Output each line exactly as written, from the first line of the records to the line bearing "Tigers Mickey Stanley", inclusive, while leaving every picture out.

[Stored dataset items]
________________________________________
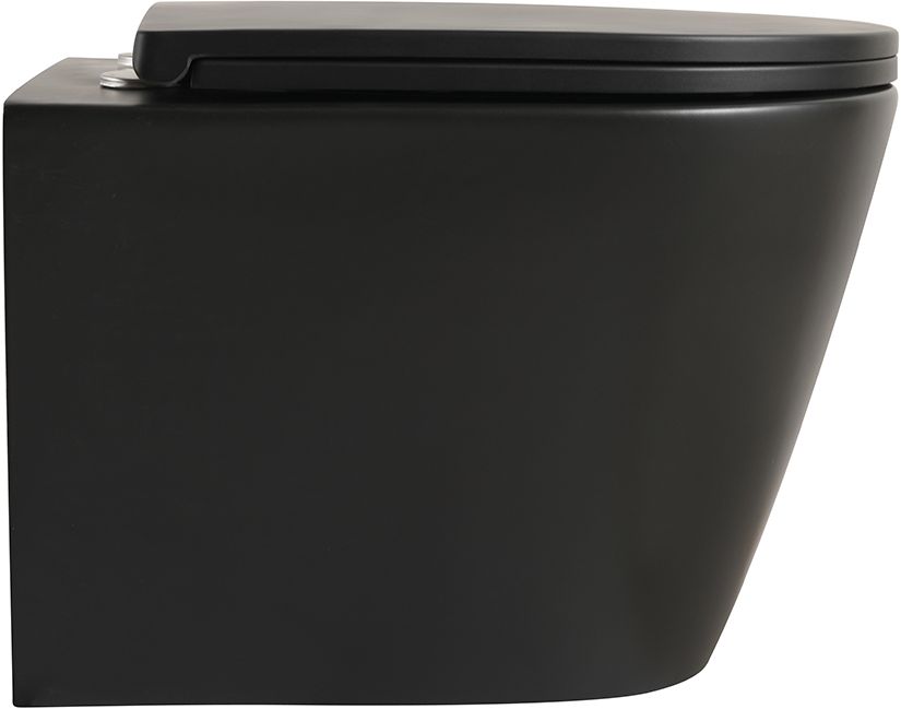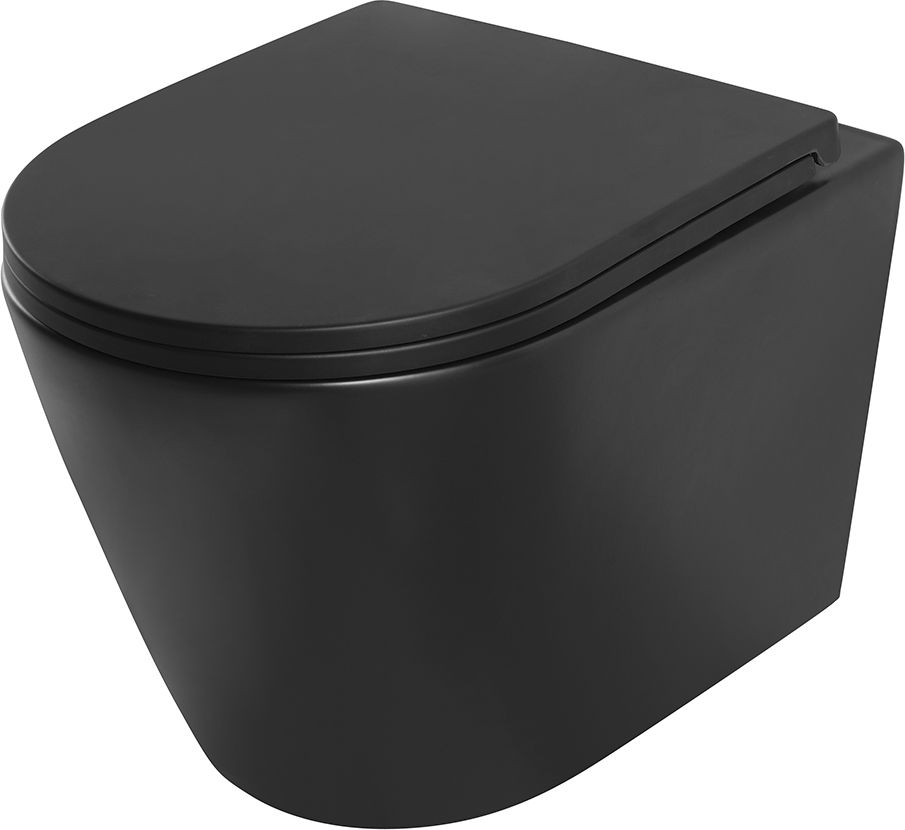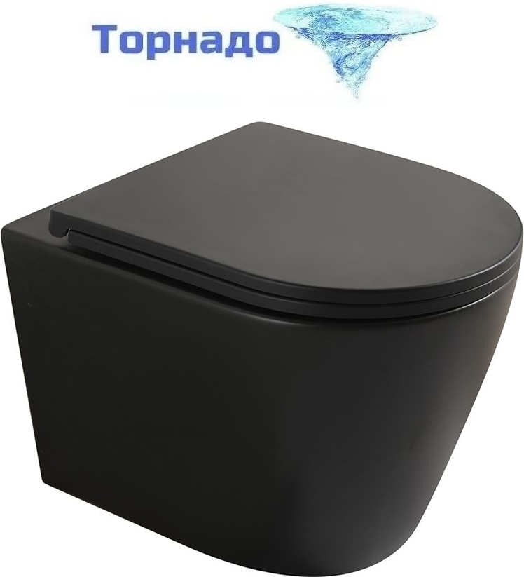 Унитаз подвесной безободковый Veconi Ando VAN-48TB (Система смыва торнадо) с тонкой крышкой микролифт, чёрный матовый
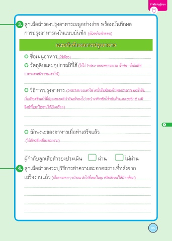 การปรุงอาหารลงในแบบบันทึก (ตัวอย่�งคำ�ตอบ)
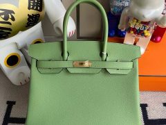爱马仕铂金包2020年刻印 Y刻 爱马仕铂金包价格图片及价格 Hermes Birkin 30cm Epsom 3I Vert Criquet 牛油果绿 蟋蟀绿 全手工蜜蜡线缝制 金扣
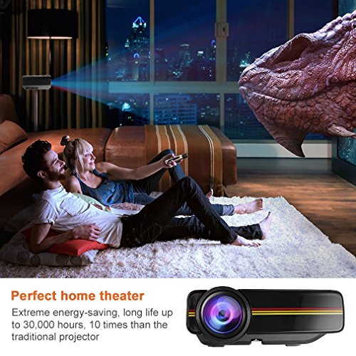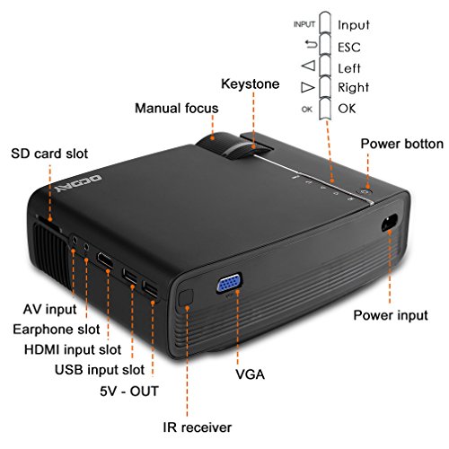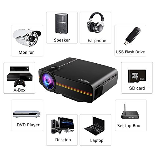 OCDAY 1080P LCD Mini Projector, 1200 Lumens Multimedia Home Theater Video Projector Support 1080P HDMI USB SD Card VGA AV for Home Cinema TV Laptop Game
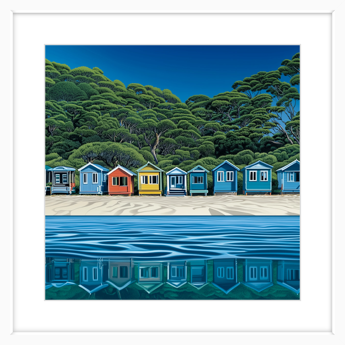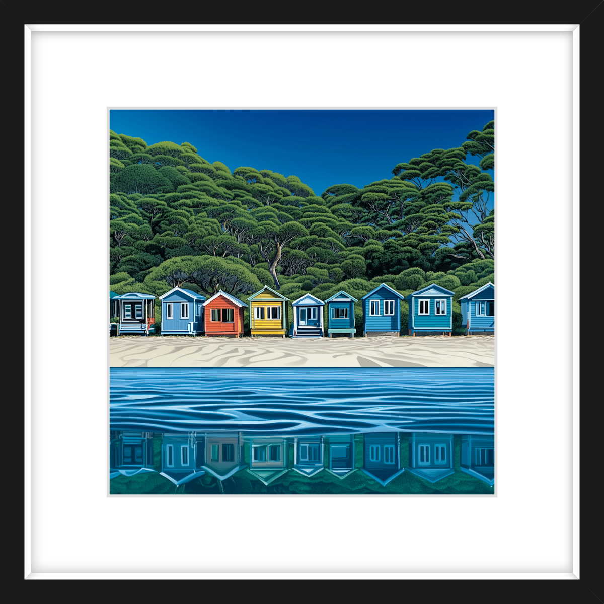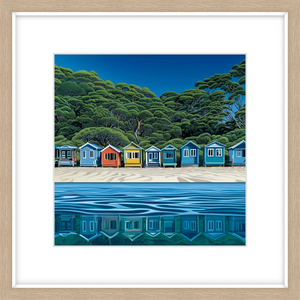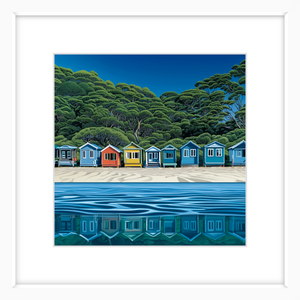 This art print of Mornington Peninsula Boatsheds is available as 400x400mm art print, 600x600mm art print and 800x800mm art print.
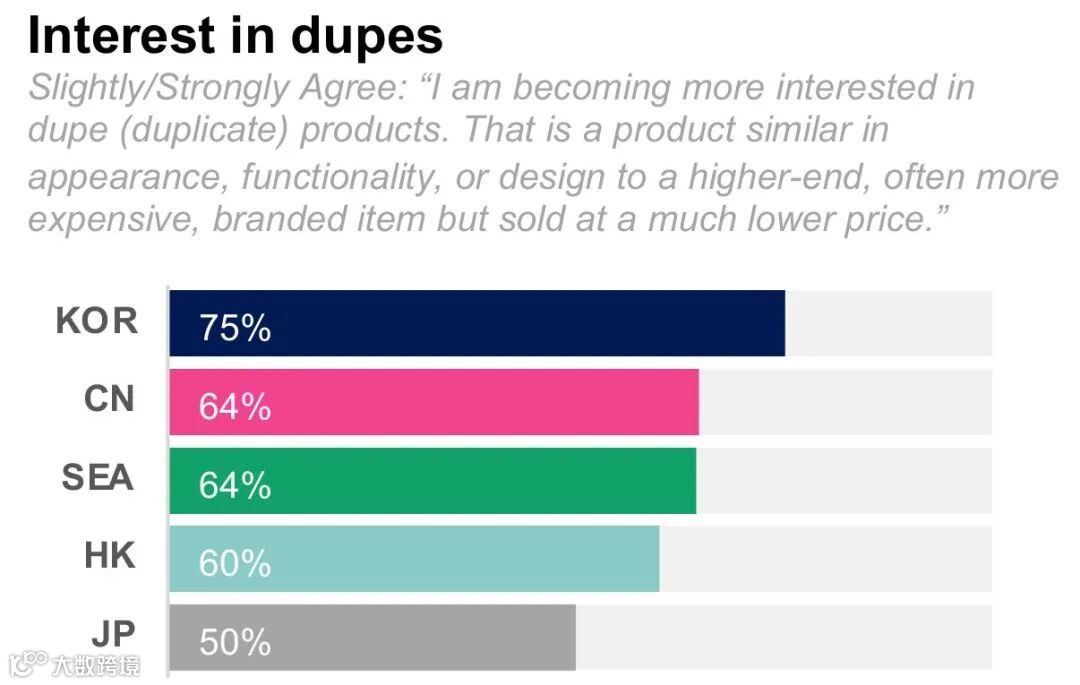 The research also suggests that as Asian consumers prioritise value, demand for dupes is also rising, with 75% of Koreans and 64% of Chinese and Southeast Asians open to more affordable imitations.
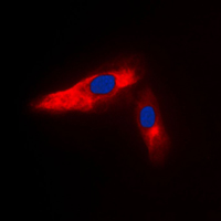 Immunofluorescent analysis of ACTN3 staining in HeLa cells. Formalin-fixed cells were permeabilized with 0.1% Triton X-100 in TBS for 5-10 minutes and blocked with 3% BSA-PBS for 30 minutes at room temperature. Cells were probed with the primary antibody in 3% BSA-PBS and incubated overnight at 4 °C in a humidified chamber. Cells were washed with PBST and incubated with a DyLight 594-conjugated secondary antibody (red) in PBS at room temperature in the dark. DAPI was used to stain the cell nuclei (blue).
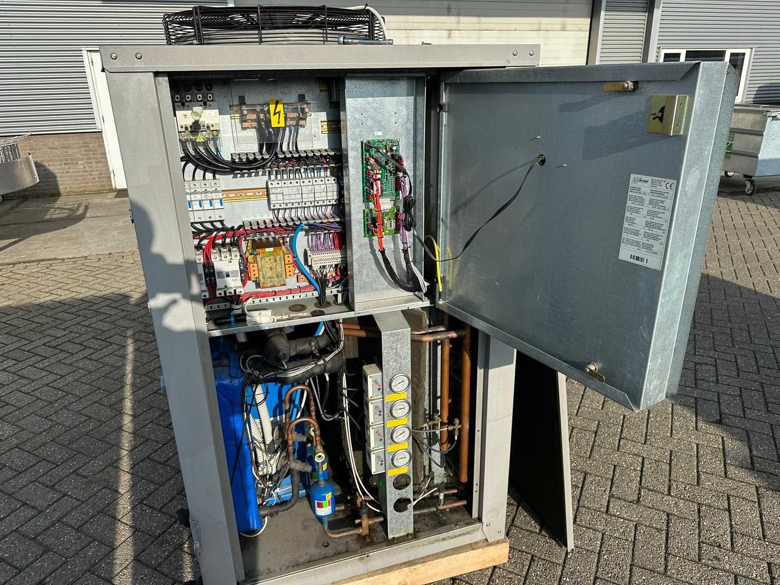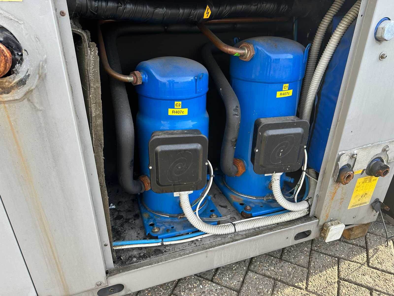 Koelvermogen: 63kW. Type koudemiddel: R407c. Merk: Western Type: ZETA/ST/N2 262 Bouwjaar: 2000 Aansluiting: 400V Totale afmeting L: 2200mm Totale afmeting Breedte: 1100mm Totale afmeting Hoogte: 1850mm
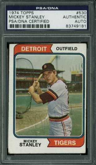 Tigers Mickey Stanley Authentic Signed Card 1974 Topps #530 PSA/DNA Slabbed
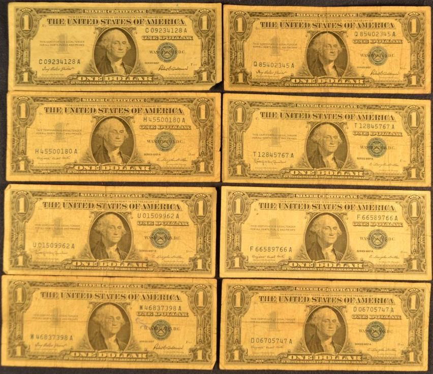 Lot of 10 Uncirculated 1935E $1 Silver Certificates - 5 Matched Pairs1 day LeftLot of (6) American Silver CertificatesMar 15, 2026US 1957 $1 Silver Certificates, Paper, Friedberg 1619Lot of 3 - 1957 $1 Notes - Silver CertificatesLot of 8 - 1957/1957-B $1 Notes - Silver CertificatesLot of 2 - 1957-A $1 Notes - Silver CertificatesUS $5 $10 Silver Certificate Notes 1934 & 1953 LOTMar 11, 2026Lot of 2 - 1953-A $5 Notes - Silver CertificatesUS 1957-1957B $1 Silver Certificates, Blue SealSet of 10 Uncirculated 1957-B $1 Silver Certificates Consecutive Serial Numbers2 days LeftUS 1935-1957 $1 Silver Certificates, Paper, Fr. 1608, 1614, 1620US 1957 $1 Silver Certificates, Pick-1619US 1935-1957 $1 Silver Certificates, Paper, A Collection of BanknotesVINTAGE U.S. CURRENCY,SILVER CERTIFICATES3 days LeftUS 1957 and 1957 A $1 Silver Certificates4- 1957 Silver Certificates w/ 2 Different Runs of sequential serial numbers, UNC695 Lots Away
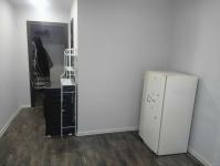 Есть двуспальная кровать (на фото еще нет), рабочий и обеденный столы, холодильник, электрическая плита.
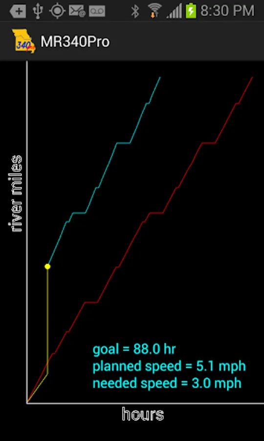 • Race planner: plan your race and then plot a progress graph, hour vs. river mile, to see how you are doing and adjust the plan as needed.
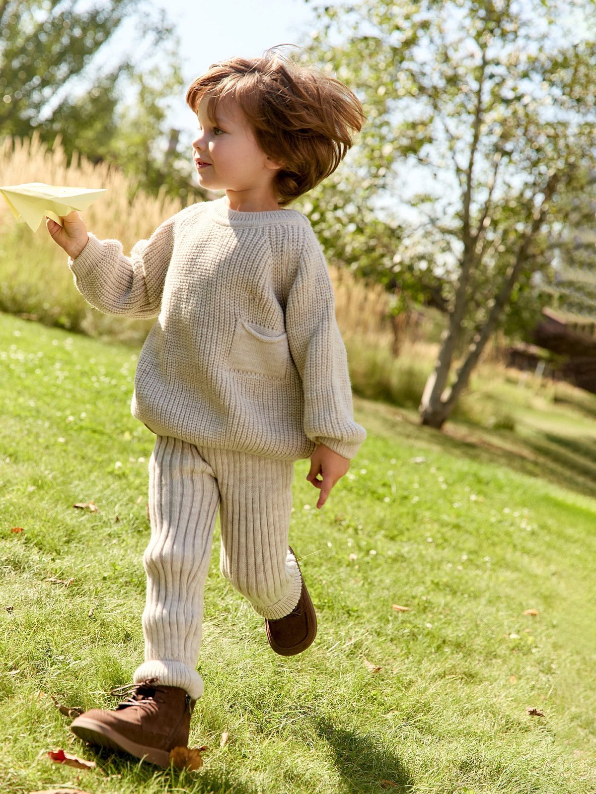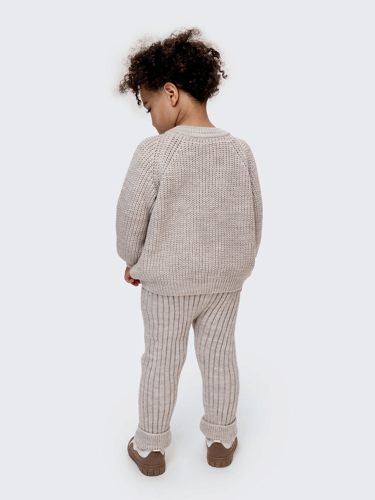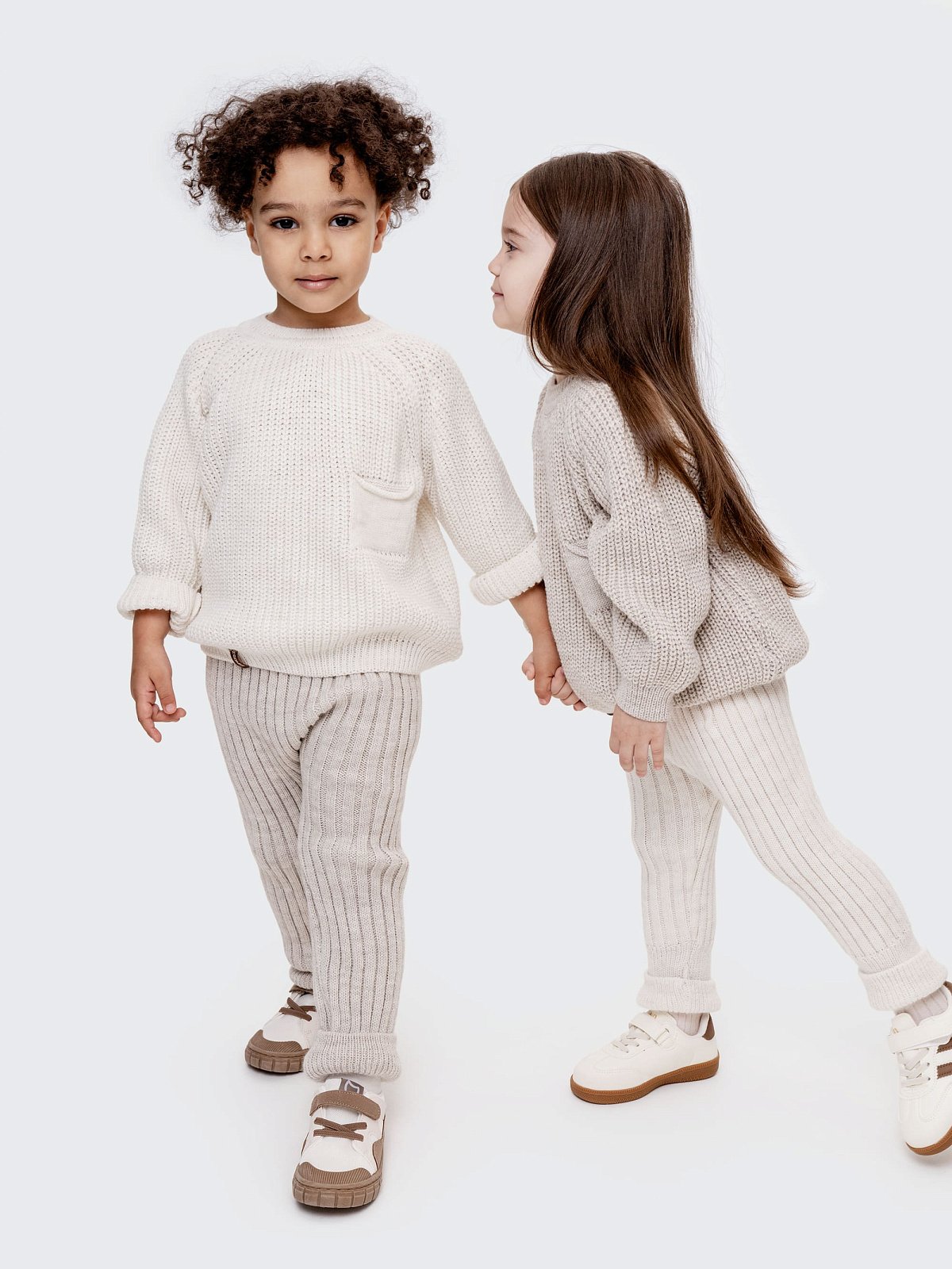 Вязаные брюки «Твист» отлично сочетаются со свитером из той же коллекции — создайте уютный и стильный образ для вашего малыша! Идеальны для детского сада, прогулок и домашнего уюта."
________________________________________
• EXERCISE ANSWER:
 Унитаз подвесной безободковый Veconi Ando VAN-48TB (Система смыва торнадо) с тонкой крышкой микролифт, чёрный матовый
 การปรุงอาหารลงในแบบบันทึก (ตัวอย่�งคำ�ตอบ)
爱马仕铂金包2020年刻印 Y刻 爱马仕铂金包价格图片及价格 Hermes Birkin 30cm Epsom 3I Vert Criquet 牛油果绿 蟋蟀绿 全手工蜜蜡线缝制 金扣
 OCDAY 1080P LCD Mini Projector, 1200 Lumens Multimedia Home Theater Video Projector Support 1080P HDMI USB SD Card VGA AV for Home Cinema TV Laptop Game
 This art print of Mornington Peninsula Boatsheds is available as 400x400mm art print, 600x600mm art print and 800x800mm art print.
 The research also suggests that as Asian consumers prioritise value, demand for dupes is also rising, with 75% of Koreans and 64% of Chinese and Southeast Asians open to more affordable imitations.
 Immunofluorescent analysis of ACTN3 staining in HeLa cells. Formalin-fixed cells were permeabilized with 0.1% Triton X-100 in TBS for 5-10 minutes and blocked with 3% BSA-PBS for 30 minutes at room temperature. Cells were probed with the primary antibody in 3% BSA-PBS and incubated overnight at 4 °C in a humidified chamber. Cells were washed with PBST and incubated with a DyLight 594-conjugated secondary antibody (red) in PBS at room temperature in the dark. DAPI was used to stain the cell nuclei (blue).
 Koelvermogen: 63kW. Type koudemiddel: R407c. Merk: Western Type: ZETA/ST/N2 262 Bouwjaar: 2000 Aansluiting: 400V Totale afmeting L: 2200mm Totale afmeting Breedte: 1100mm Totale afmeting Hoogte: 1850mm
 Tigers Mickey Stanley Authentic Signed Card 1974 Topps #530 PSA/DNA Slabbed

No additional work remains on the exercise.